Oletha Jenkins, educator, carer of all
Dr. DaNine J. Fleming of Summerville absolutely glows when she talks about her paternal grandmother, Oletha Jones Jenkins.
“She was the ultimate grandmother. She cooked, cleaned, baked from scratch, her house was spotless, told you to ‘sit upstraight’ and never had a cross word,” Fleming smiles as she remembers.
“You could always smell fresh baked cookies when you pulled into the driveway!”
The fresh baked cookies that thrilled her grandchildren were but a small part of who Jenkins was, however.
Born in 1918 in the Sand Hill area, she grew up in the Givhans community. Being the daughter of a house maid (what was really an indentured servant, says Fleming) and a preacher, she was determined to continue her education. And she did. She was the first person in the Givhans community to earn a college degree.
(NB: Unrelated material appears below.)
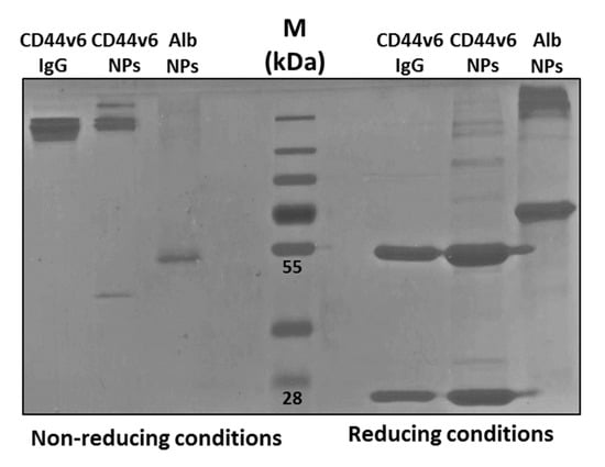 Protein conjugation could be demonstrated by SDS-PAGE analysis in reducing conditions, i.e., treatment with heat and β-mercaptoethanol. This caused the detachment of part of the antibody from the NPs, due to the breaking of the disulfide bridges, allowing the antibody to run along the polyacrylamide gel (Figure 6). In the absence of reducing agents, neither free Ab-CD44v6 nor free Alb were detected in the electrophoretic run. However, in reducing conditions, bands corresponding, respectively, to the detached antibody heavy and light chains could be observed. This confirmed that proteins were covalently bound to the NPs and could be detected only when the maleimide-thiol bond was cleaved [66].

Prior to that she attended Alston – the African American School – through the eighth grade and then attended Claflin in Orangeburg. She was the first to earn her master’s as well, which she earned at South Carolina State. Her degrees were in Education.
Jenkins became a teacher.
She started her teaching career in a one-room schoolhouse – The Canaan School in the late 1930s and early ‘40s. She officially taught kindergarten through eighth grade. But she actually taught anyone who could get there, regardless of how old. It was an all-black school but it had white students. They were the poorest of the poor whites and she welcomed them.
Then she became part of what was then the Dorchester School District and continued to teach for more than 30 years. She was an administrator the last 10 years of her career including at the then Givhans School, Canaan School and was Assistant Principal at Knightsville Elementary.
She worked alongside now Superintendent of Schools Joe Pye.
In the early 1980s she finally retired so she could devote herself full time to the care of her mother who resided in a hospital bed in Jenkins’ living room.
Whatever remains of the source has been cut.